少し前まで柔らかなヴェールを彷彿させる優しい存在だった蜂蜜色の月明かりは、今のジェイドには眩しすぎるように感じた。
「bonsoir、ムッシュー・計画犯!月の美しい夜だね」
常緑樹の緑が揺れ、月に近い高さの枝葉の間から羽根帽子を乗せた金糸雀色の髪と森の色の瞳を持つ先輩が姿を現した。
神出鬼没のポムフィオーレの副寮長は優美な身のこなしからは想像出来ない強靭な筋肉を駆使して音もなく軽々と地面に着地する。
「こんばんは、ルークさん。
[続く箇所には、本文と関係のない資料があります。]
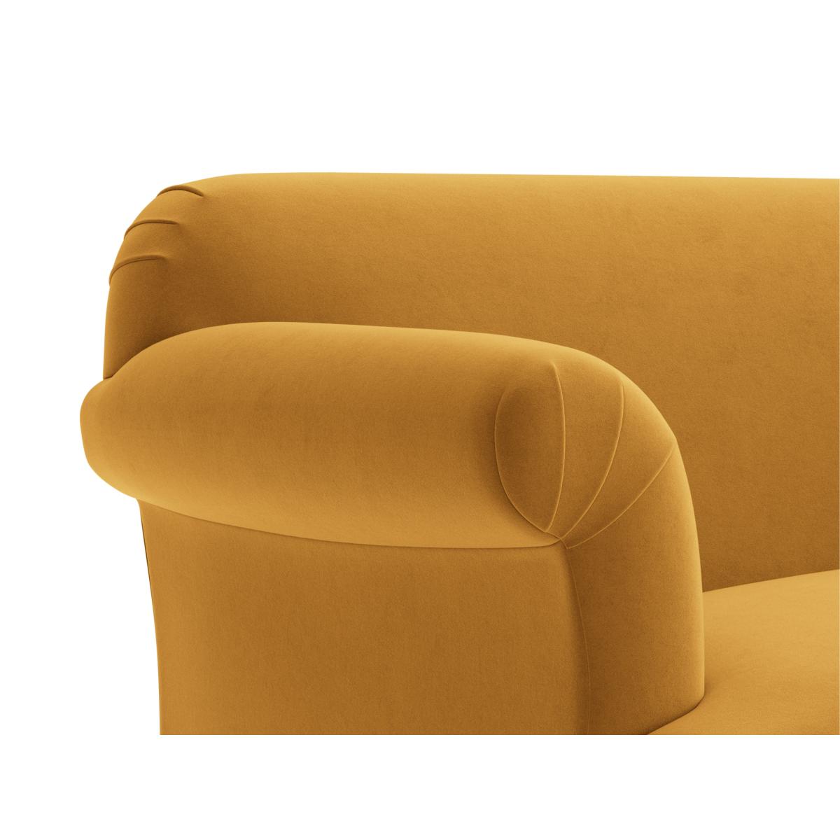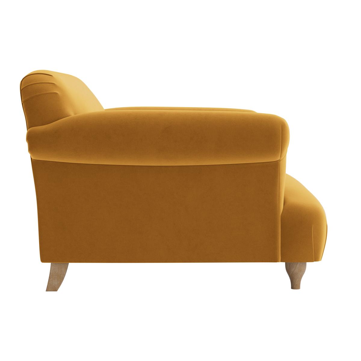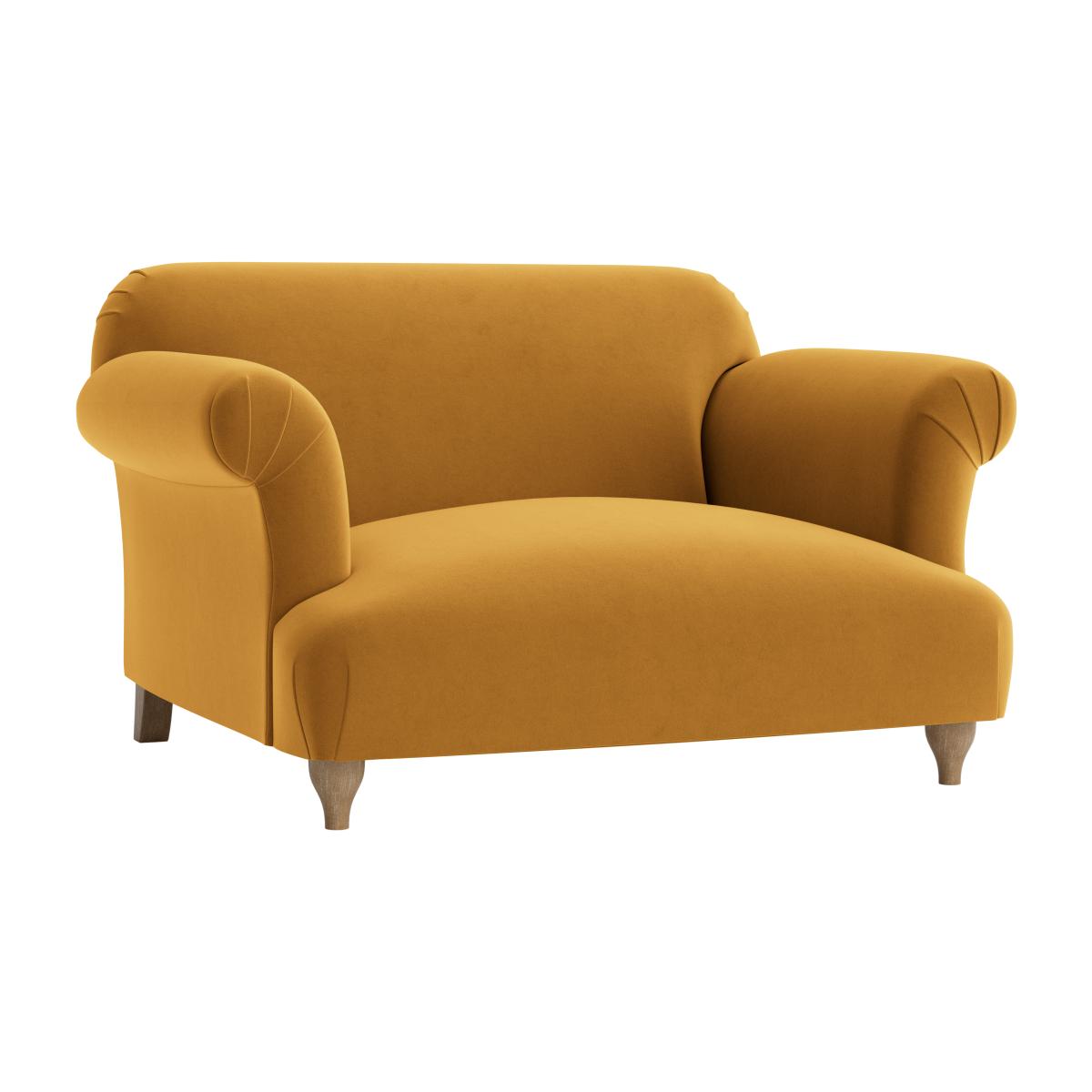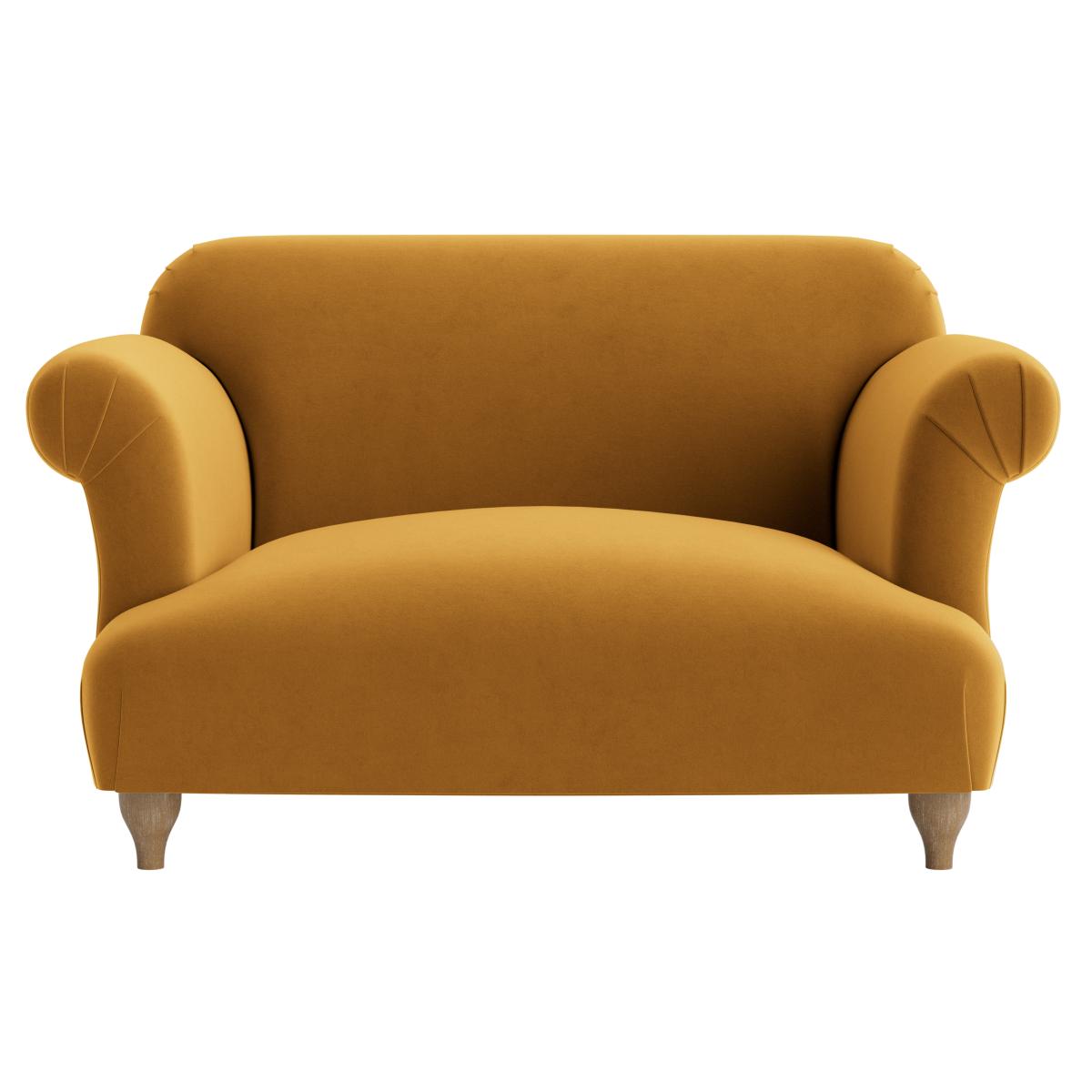 I love this little love seat because of its cosy, inviting shape and rich mustard tone, which instantly adds warmth to any room. It works particularly well in eclectic or contemporary interiors where a pop of colour can anchor a space. For styling, consider pairing it with neutral or patterned cushions to add texture and visual interest. It also suits small to medium living rooms, student flats or cosy reading nooks, providing comfort without overwhelming the space. When styling, keep the surrounding furniture simple and clean to let the cheerful colour and soft curves do the talking.

奇遇ですね」
「ウィ。あまりにも美しい満月にいても立ってもいられなくてね!ジェイドくんも夜の散歩かい?」
「ええ、そんなところです」
遠くの方で、森に潜む動物の咆哮が聞こえる。その声に驚いた夜行性の鳥たちが翼を広げて飛び立った。木々の葉がざわめいて空気を揺らした
「トリックスター、行ってしまったね。不思議で魅力的な、月の光のように優しく周囲を照らす子だった!」
ルークの口から出た想い人の名前に、ジェイドの胸が切り裂かれたように冷える。そんな心情を勘の良いルークに悟られないよう、とっておきの張りぼての笑みを浮かべて頷いた。
「そういえば以前、彼女が素敵なことを教えてくれてね。彼女の世界では“I Love You”を“月が綺麗ですね”と詩的に翻訳するそうだ。……美しい子だったね」
強い夜風がごうごうと音を立てて森の木々の枝をしならせ、ぐらりと視界が傾斜した錯覚を覚えたジェイドは無意識に胸を押さえる。
「おっと、少し冷えてきたようだ。冷えは美容の天敵、私はそろそろ失礼するよ。春の気候は変わりやすい!ジェイドくんも夜の散歩はほどほどに。bonne nuit!」
別れの挨拶は殆どジェイドの耳には届いていなかった。
ルークが語った言葉と、彼女が最後に残した言葉が鐘のように頭に響く。
月明かりが目に痛い。湿度をなくした冷たい夜風が、いたずらに翡翠のピアスを揺らした。
ユウの温かく、微かに甘い香りが蘇る。
「……ユウさん、あなたはなんて残酷な人なんでしょう」
ジェイドの呟きは夜の闇に溶けて消えた。
彼女が開けていった、ピアスホールのように小さな穴が疼いて、膿を出す。ぽたり、ぽたりとその膿が滴る音がする。
まるで水面に広がる波紋のように一定のリズムを保って、静かに、緩やかに、狂しく。
「…フフ…はは、…っあははは…!!」
涙を流しながら、叫ぶように笑い声を上げるジェイドを、満月の光だけがいつまでも照らしていた。